US 11,858,651 B2
Machine learning model development with interactive feature construction and selection
Seema Chopra, Bengaluru (IN); Akshata Kishore Moharir, Bengaluru (IN); Arvind Sundararaman, Bengaluru (IN); and Kaustubh Kaluskar, Bangalore (IN)
Assigned to The Boeing Company, Arlington, VA (US)
Filed by The Boeing Company, Chicago, IL (US)
Filed on Oct. 25, 2018, as Appl. No. 16/170,887.
Prior Publication US 2020/0134369 A1, Apr. 30, 2020
This patent is subject to a terminal disclaimer.
Int. Cl. B64D 45/00 (2006.01); B64D 43/02 (2006.01); G06N 20/00 (2019.01); B64F 5/60 (2017.01); G06F 18/40 (2023.01); G06F 18/213 (2023.01)

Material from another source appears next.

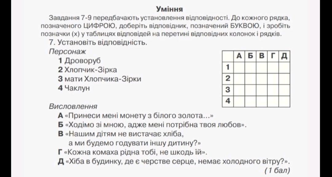 Объяснение: Серед наведених слів немає тих, які належать Хлопчику-Зірці. Варіант В - слова дружини дроворуба, варіант Г - слова старого священника.

CPC B64D 45/00 (2013.01) [B64D 43/02 (2013.01); B64D 45/0015 (2013.01); B64F 5/60 (2017.01); G06F 18/213 (2023.01); G06F 18/40 (2023.01); G06N 20/00 (2019.01); B64D 2045/0085 (2013.01)] 24 Claims
OG exemplary drawing
 
1. An apparatus for interactive machine learning model development, the apparatus comprising:
a memory storing a plurality of observations of data of a system, each of the plurality of observations of the data including values of a plurality of independent variables, and a value of a dependent variable; and
processing circuitry configured to access the memory, and execute an application to generate a visual environment including a graphical user interface (GUI) for interactive development of a machine learning model, according to an iterative process at least an iteration of which includes the apparatus being caused to at least:
access the memory including the plurality of observations of the data;
visually present, via the GUI, the plurality of independent variables;
receive user input indicating selection of a set of independent variables from the plurality of independent variables;
intelligently perform imputation on the set of independent variables to add values of independent variables of interest to the set of independent variables and/or intelligently perform cleansing on the set of independent variables to remove values of independent variables not of interest from the set of independent variables;
generate a data quality table that tracks values of independent variables that are added via imputation or removed via cleansing at each iteration of the iterative process;
visually present, via the GUI, infographics visually summarizing and comparing independent variables in the set of independent variables, wherein the infographics include the data quality table;
receive user input indicating selection of a refined set of independent variables from the set of independent variables;
perform an interactive feature construction by transforming the refined set of independent variables into a set of features for use in building the machine learning model to predict the dependent variable; and
build the machine learning model using a machine learning algorithm, the set of features generated from the refined set of independent variables, and a training set produced from the set of features and the plurality of observations of the data,
wherein the interactive development of the machine learning model further includes the apparatus being caused to output the machine learning model for deployment to predict and thereby produce predictions of the dependent variable for additional observations of the data that exclude the value of the dependent variable, the predictions produced by the machine learning model being more accurate than produced by a corresponding machine learning model built without the interactive feature construction and selection that include user input via the GUI.